New law: Companies preparing for significant company law changes
Monday 11th May 2015
Companies are preparing for significant changes to company law from April 2015 through to 2017, by checking which parts of the new law apply to them, when each rule is due to come into force and what they need to do now.
Companies need to start preparing for significant changes under new company law coming into force over the next few years, many of which are designed to improve disclosure and transparency by UK companies
Register of Persons with Significant Control (PSCs)
From January 2016 every UK company limited by shares or guarantee (except public companies already subject to the listed company Disclosure and Transparency Rules) must maintain a PSC register giving details of people with significant control over the company.

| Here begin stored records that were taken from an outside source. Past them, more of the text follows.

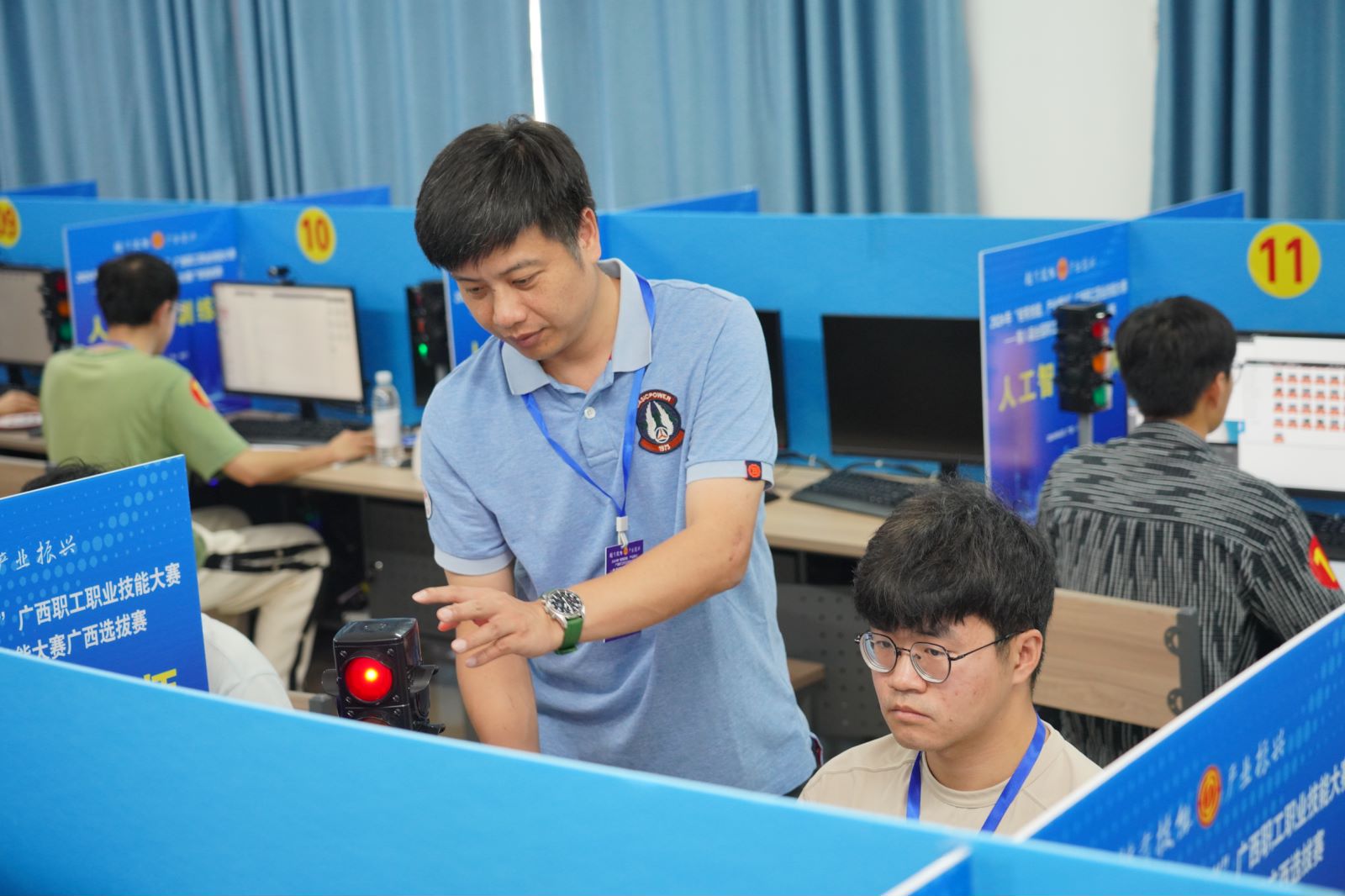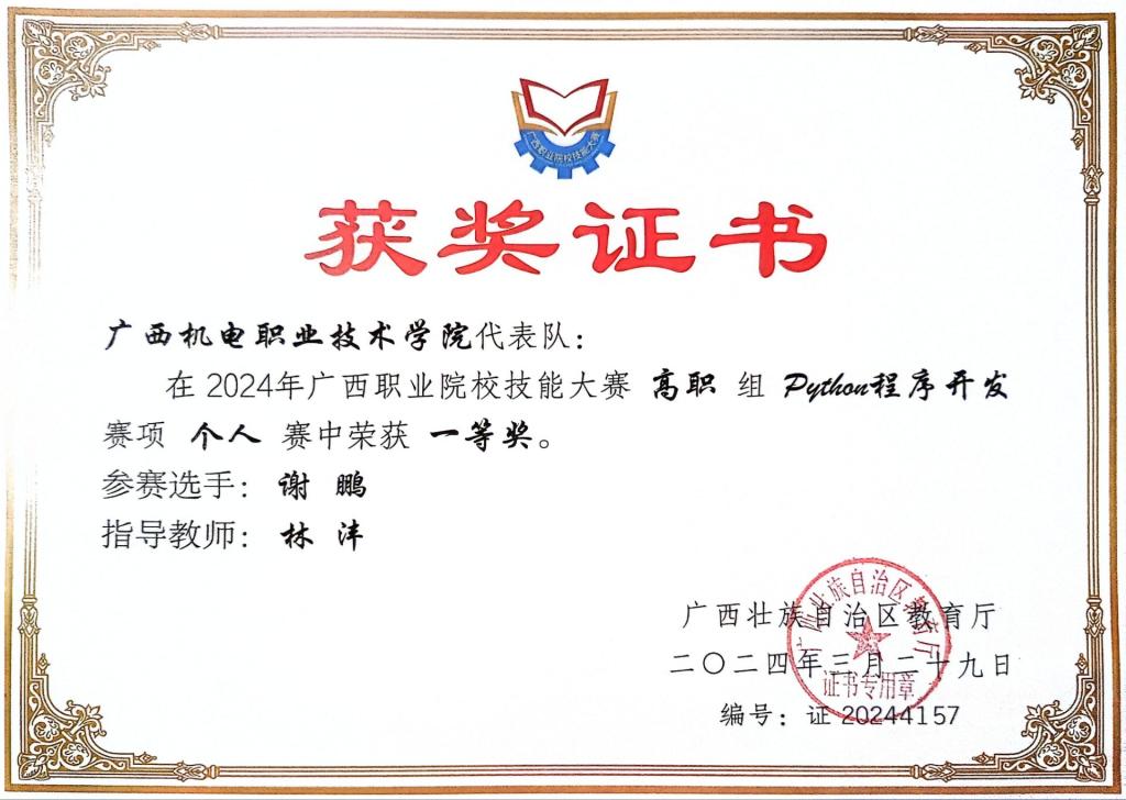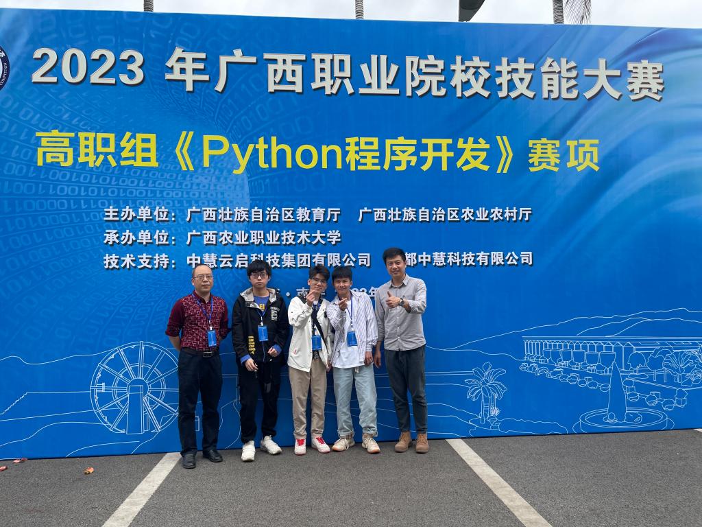 他为全面培养学生专业技能,通过组织学生参加各级各类职业(专业)竞赛,积极探索以大赛为载体的实践育人模式。结合专业发展前沿技术,对标技能竞赛的标准,将竞赛相关技术要求融入到课程教学,对学生竞赛进行有针对性指导,大大提高了学生参与学科专业竞赛的积极性。指导学生团队参加广西职业院校技能大赛、广西大学生计算机应用大赛、广西大学生程序设计大赛、广西大学生人工智能设计大赛、互联网+大学生创新创业大赛广西选拔赛等赛事勇创佳绩,获自治区级一等奖4项、二等奖5项、三等奖10余项,充分展示出他优异的教学能力,以及学生勇于创新、积极进取的求学态度与扎实的专业技能,达到了以赛促教、以赛促学的目的。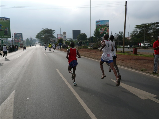 So langsam finden sich auch einige der hier gestarteten Läufer des Trainingscamps aus dem Kanjeru-Slum ein. Wenn man sich zwei Beispiele vor Augen führt, kann man erkennen, welches Potential hier schlummert und aus purer wirtschaftlicher Not gehoben werden muß und wird: Ein Halbmarathoner ist mit einer beachtlichen Zeit von 64 min. nur Vierundzwanzigster. Mit anderen Worten: Dreiundzwanzig sind schneller als 64 min. gelaufen, der Sieger bei nicht flachem Verlauf 61:30 min!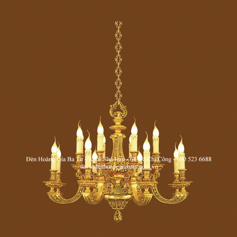 Đèn chùm 3124/8+8 có 16 bóng đèn. Chất liệu: Đồng nguyên khối được mạ vàng Ý ( Pháp).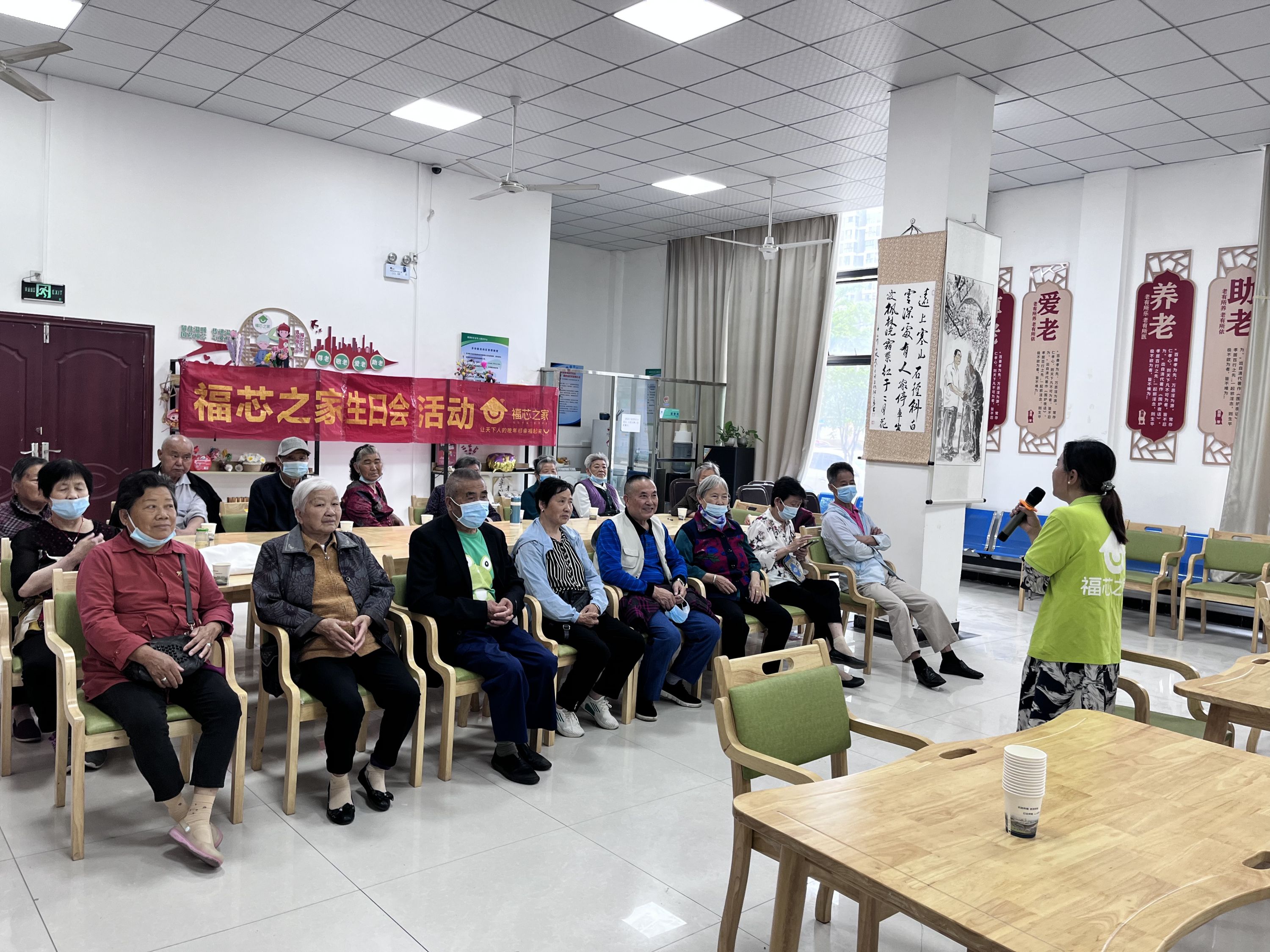 老人们借着集体生日会的舞台,展示自己的才艺,献唱歌曲。福芯之家工作人员为寿星们准备了蛋糕、水果、面包,同老人们一起吹蜡烛,为寿星们送去最真诚、最温馨的祝福。

This means any registerable individual (or in some cases, any ‘registerable relevant legal entity’) with an interest in more than 25 per cent of the company’s shares or voting rights, or who otherwise exercise significant influence or control over the company or its board.
Companies have a duty to take reasonable steps to identify those persons it knows or suspects have significant control over it. Companies should ensure they develop procedures for doing this – including identifying provisions in agreements with third parties which may mean those third parties are PSCs. Individuals and entities with significant control must also identify themselves to the company.
From April 2016 information about PSCs must be filed at Companies House on the new annual confirmation statement, which will replace the annual return.
Corporate directors abolished
Corporate directors (when one company is a director of another) will be prohibited from October 2015, with a 12-month transitional period for existing companies which already have corporate directors. The new rules will apply even if the company’s articles allow corporate directors, and whatever the articles say about the quorum at directors’ meetings. Companies should review their articles. There will be exceptions when corporate directors will be allowed - the government is still consulting on what these will be.
Bearer shares abolished
Bearer shares will be prohibited from 26 May 2015 (with a nine month transitional period for companies to replace existing bearer shares). Bearer shares are rare in UK companies – companies affected by this change will know who they are.
Annual returns replaced
Annual returns will be replaced by annual ‘confirmation statements’ from April 2016. Companies will need to review their procedures and, if they use secretarial software, that it can cope with the new statements.
The ‘central register’
From April 2016, private companies will be able to elect to keep their statutory registers (including the new PSC register) at Companies House on a ‘central register’, instead of keeping their own registers. However, this will make more information available to the public than if they keep their own registers.
New liabilities for directors
The new law also significantly extends the grounds for disqualifying directors, including taking their conduct in relation to non-UK companies into account. It also increases their liability on insolvency generally.
Directors’ consents to act
From October 2015, directors no longer need to provide consent to act on appointment. Instead, Companies House will write to new directors notified to it by companies, and alert them to the notification. If the director does not consent they can object to Companies House.
Statements of capital
The statements of capital on certain Companies House forms will be simplified from April 2016.
Unauthorised registered office
From April 2016 Companies House will be able to change the public record if it can be shown that an address is being used as a registered office address without authority from the owner of occupier.
Companies should take advice on which parts of the new law apply to them, when they are due to come into force and what they need to do.